MASSIVE changes to health services in west Wiltshire are planned as part of a £52 million shake up of hospitals.

Wiltshire Clinical Commissioning Group announced this week that its governing body has approved a strategic outline case for the area that will include a new hospital which will be known as a hub, and have inpatient beds and probably a maternity unit, a smaller hospital to provide community healthcare services for outpatients and three urgent care centres.

This week interim chief officer of the commissioning group Linda Prosser said one of the urgent care centres would be in Trowbridge on the old Wiltshire Council east wing site. A birthing suite is included in the scheme to replace maternity at the hospital but this could change.

A spokesman for the health authority said: "We aim to have a clear understanding of which services we plan to provide from each type of facility by the end of this year. We therefore hope to be in a position to engage with people through the spring, with the aim of submitting an outline business plan at the end of next summer."

Dr Lucy Thompson, GP Partner at the Lovemead Group Practice in Trowbridge said: “This is an exciting time for Trowbridge, with the possibility of the award of government funds towards the building of a new healthcare facility.

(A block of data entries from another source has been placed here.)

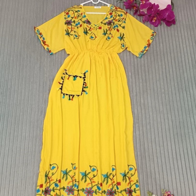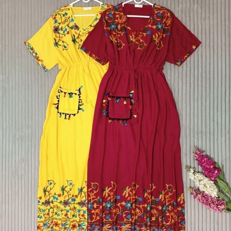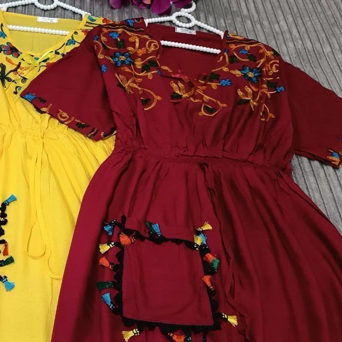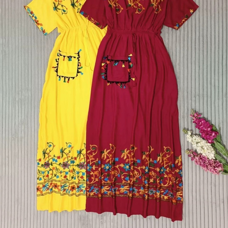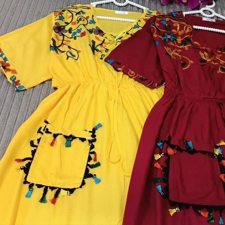 پیراهن ساحلی وارداتی فول گلدوزی نخ اعلا سایز 38تا54
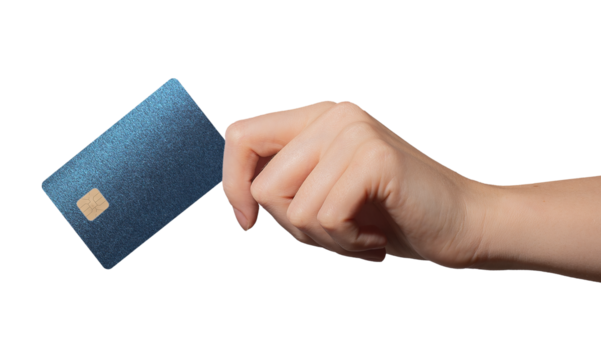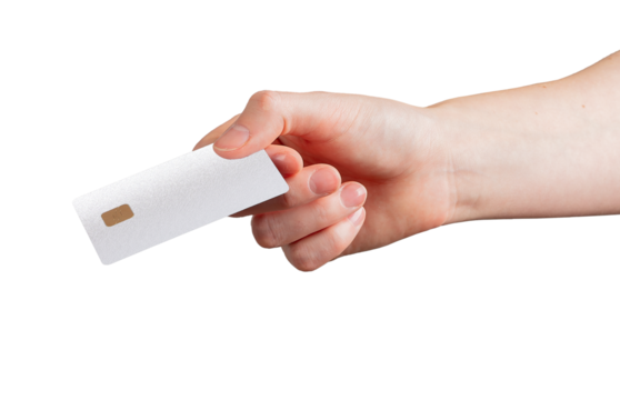 Cutout image of a hand holding a blank white credit card. Transparent image.
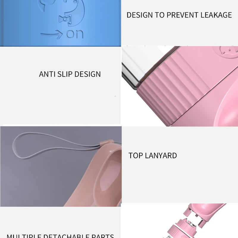 Portable kettle for going out, drinking fountain, water and food, outdoor dog drinking cup supplies, multi-functional pet water cup, feeding and feeding segmented design to meet the dual needs of pets for water and food, no longer have to worry about going out without eating and drinking. Rotate the water outlet without pressing, close to the left, and discharge to the right. Safe materials to ensure that pets are healthy and lively
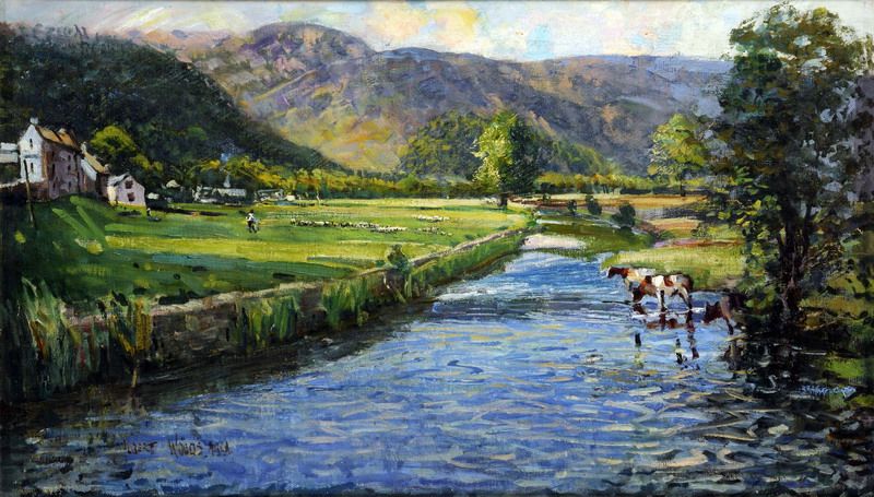 | Modern British school, mountainous wooded river landscape with buildings | |
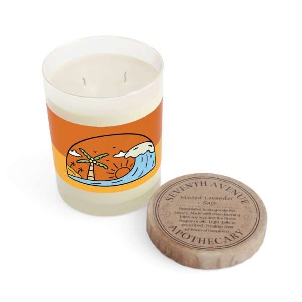 Enjoy a long-lasting sensory getaway! This premium soy wax candle boasts an impressive 65-hour average burn time. The beautiful reusable glass vessel showcases the vibrant, high-quality printed design and promotes a sustainable lifestyle once the candle is finished.
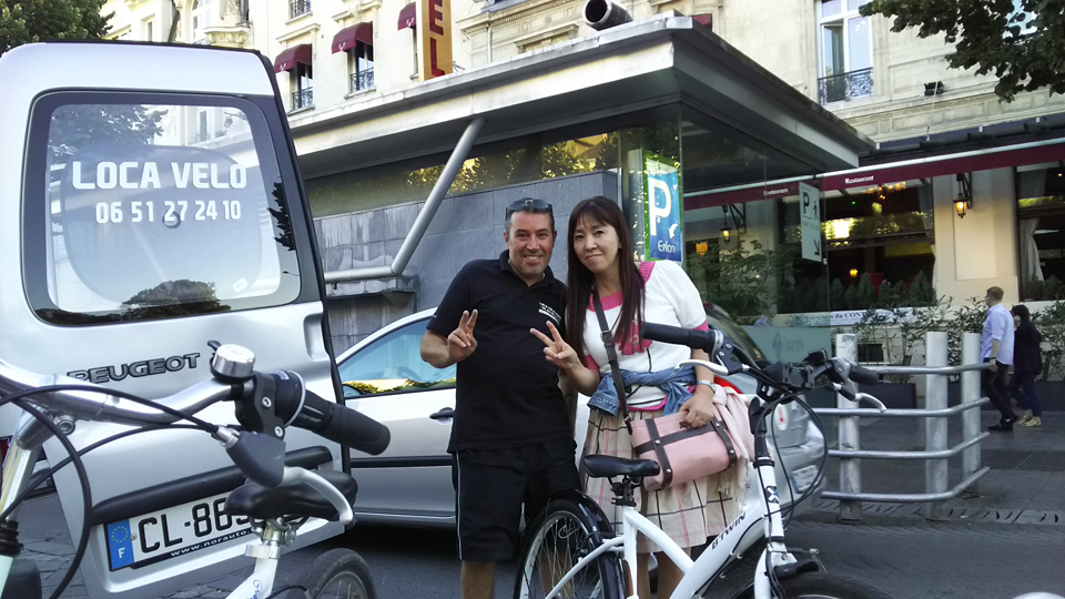 すべての予定を終了してホテルに戻ってきたらまだ時間があったのでいいことを思いついた。フォシエでシャンパンを買う予定だったので自転車があるうちに行っておけば重くない。昨日の感じのいいお姉さんは今日はいなかったが、今日の人も愛想がよかった。そして、7時にManuさんが自転車を取りに来てくれた。「どう?便利だった?」と聞かれたの |
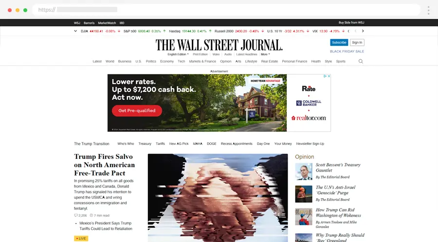 The Wall Street Journal je pouzdan izvor globalnih vesti i poslovnih analiza. Profesionalan dizajn prati detaljne izveštaje i tržišne informacije.
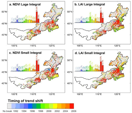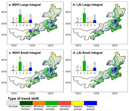 LAI integrals and NDVI small integral (Figure 7b–d) follow a similar spatial pattern as NDVI large Integral. Compared with the NDVI/LAI large integrals, a more greening area is found by the NDVI/LAI small integrals. Noticeably, by comparing with the results under the simple linear trend (Figure 4 in Section 3.1), the results obtained under the breakpoint detection analysis were not consistent, which implied that these relatively short-term changes may be masked by a long-term linear trend. According to the linear analysis, the vegetation browning area experienced in the eastern part of Inner Mongolia (Figure 4) was found reversed towards the direction of greening by the nonlinear analysis (Figure 7). However, partial areas in north Inner Mongolia were changing from greening to browning (Figure 7).
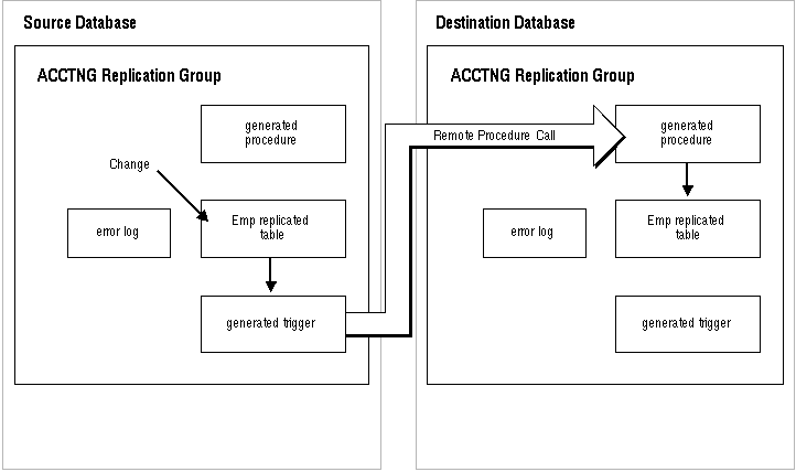 As shown in Figure 1 - 7, when you make a change to a replicated table, Oracle fires a trigger which calls a packaged procedure at each master site that applies the change.
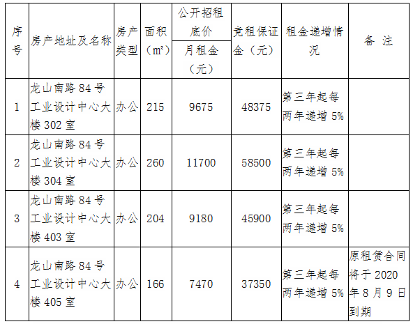 根據(jù)國有企業(yè)資產(chǎn)出租管理相關(guān)制度,我司決定對位于思明區(qū)龍山南路84號工業(yè)設(shè)計(jì)中心3至4層房產(chǎn)對符合入駐條件的意向承租人進(jìn)行公開競價招租,具體信息如下:

"This will enable the NHS to continue to provide services as it does now for the whole town but in a more modern building. It will allow us to provide GP services for the growing Trowbridge population, and give us more space to develop new and more streamlined services.

"It also means that all Trowbridge GPs from across the different practices will work more closely together – something we’re looking forward to doing."

Trowbridge town councillor and chairman of Trowbridge Area Board, Graham Payne also welcomed the commitment to the town but hopes it will regain inpatient care. He said: "I think that, as county town and one that is growing so quickly, Trowbridge should have an inpatient facility. It was a mistake getting rid of the one we had and most people now have to go to Bath RUH or to other towns for treatment.

“It’s imperative that we keep the maternity unit. The NHS has been nibbling away at our maternity services but in my experience mothers prefer to be able to use a local facility, so it’s very important that we hold on to the services we have left.”